▸ **Work instructions**
Reproduce verbatim the line containing "Washington D.C. –" and every line that follows it through the end of the entries below, omitting all pictures.

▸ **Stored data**
━━━━━━━━━━━━━━━━

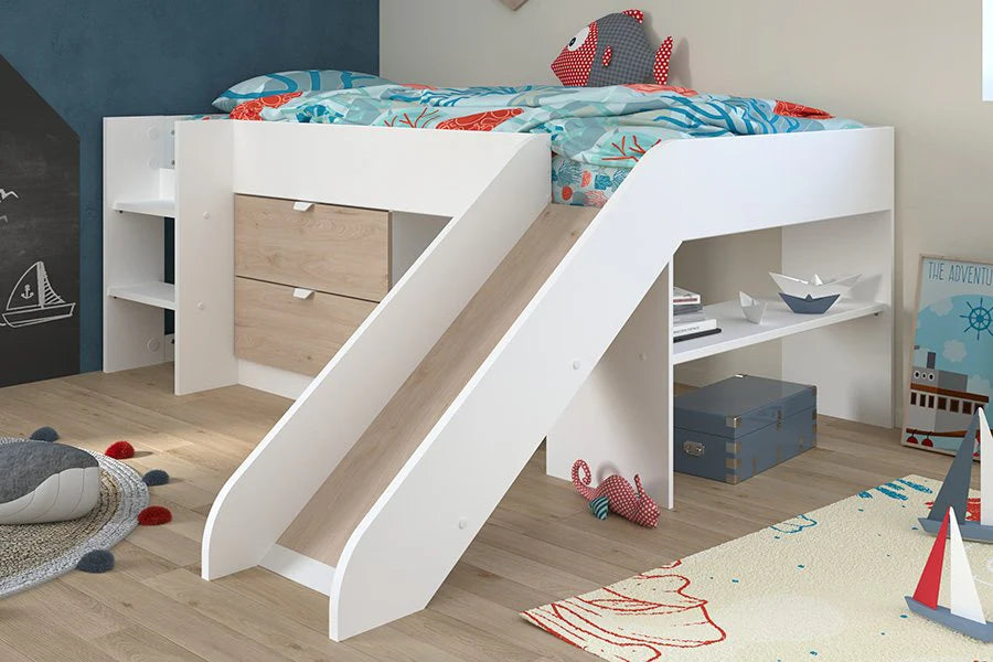 Shelter køyeseng med skuff – Hvit/Brooklyn eik
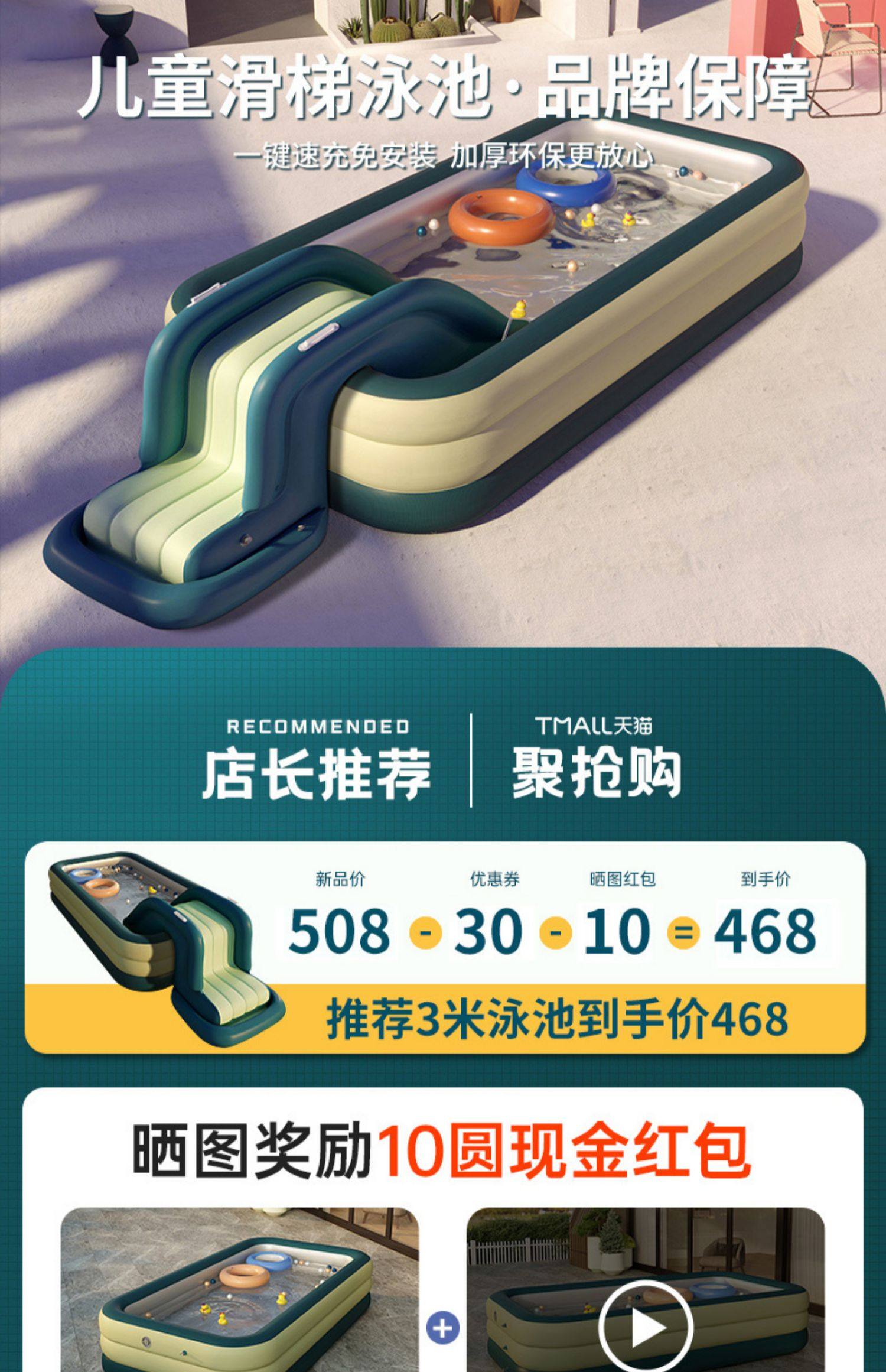 充气游泳池家用宝宝加厚泳游池儿童小孩户外大型滑梯家庭折叠水池
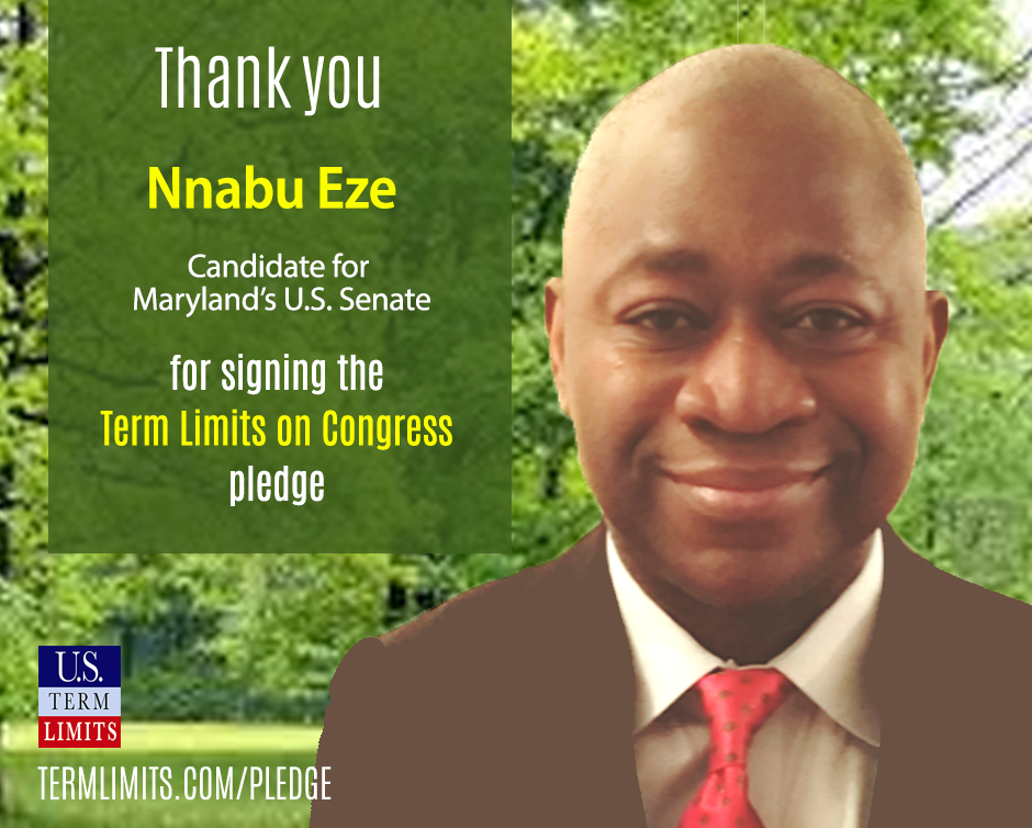 Washington D.C. – U.S. Term Limits (USTL), the leader in the non-partisan national movement to limit terms for elected officials, praises 2022 U.S. Senate candidate for Maryland, Eze Nnubu, for signing the pledge for an amendment to term limit Congress. Previously, candidates John Thormann and James Tarantin also signed the pledge.
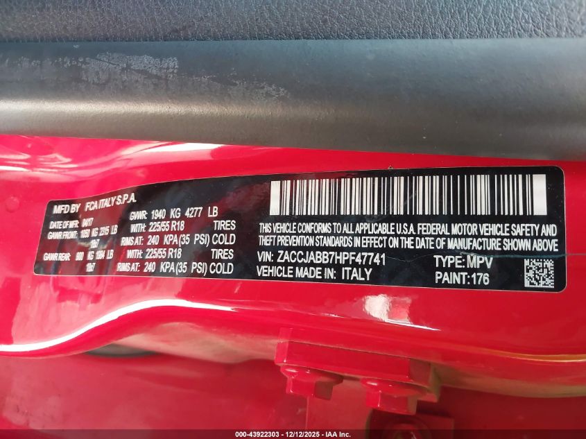 2017 JEEP RENEGADE 2017 року Бензин, 2.4, Передний привод, vin - ZACCJABB7HPF47741 из США
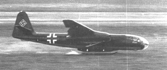 Ar234 V1 (TG+KB) WNr.130001 with Two Jumo-004A-0 Engines, After Landing, Ar234 V1 Slows & Loses Lift & Falls Over Onto Left Skid Under Left Jumo-004A-0 Engine Near the End
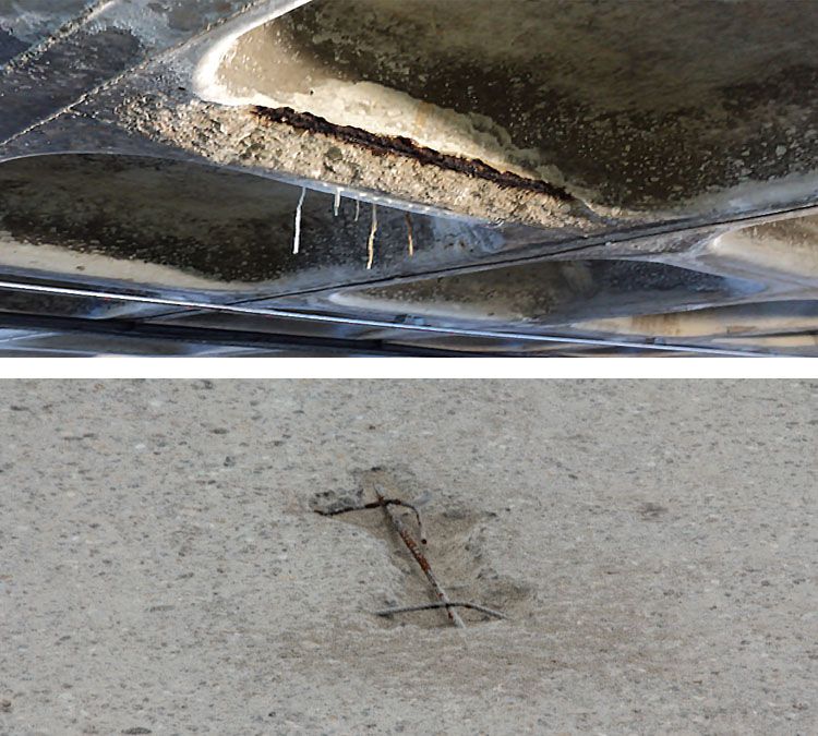 Zum Check gehört auf jeden Fall auch ein Blick nach oben – genauer an die Unterseite des Parkdecks, denn dort werden am häufigsten ersten Anzeichen von Schäden bzw. Feuchtigkeit in der Konstruktion entdeckt. Wenn dort feuchte Stellen und Ausblühungen zu sehen sind, ist das schon kein gutes Zeichen. Sind zudem Abplatzungen vorhanden, ist es Zeit, einen Fachmann zu konsultieren.

━━━━━━━━━━━━━━━━

▸ **Answer to this exercise**
 Washington D.C. – U.S. Term Limits (USTL), the leader in the non-partisan national movement to limit terms for elected officials, praises 2022 U.S. Senate candidate for Maryland, Eze Nnubu, for signing the pledge for an amendment to term limit Congress. Previously, candidates John Thormann and James Tarantin also signed the pledge.
 2017 JEEP RENEGADE 2017 року Бензин, 2.4, Передний привод, vin - ZACCJABB7HPF47741 из США
 Ar234 V1 (TG+KB) WNr.130001 with Two Jumo-004A-0 Engines, After Landing, Ar234 V1 Slows & Loses Lift & Falls Over Onto Left Skid Under Left Jumo-004A-0 Engine Near the End
 Zum Check gehört auf jeden Fall auch ein Blick nach oben – genauer an die Unterseite des Parkdecks, denn dort werden am häufigsten ersten Anzeichen von Schäden bzw. Feuchtigkeit in der Konstruktion entdeckt. Wenn dort feuchte Stellen und Ausblühungen zu sehen sind, ist das schon kein gutes Zeichen. Sind zudem Abplatzungen vorhanden, ist es Zeit, einen Fachmann zu konsultieren.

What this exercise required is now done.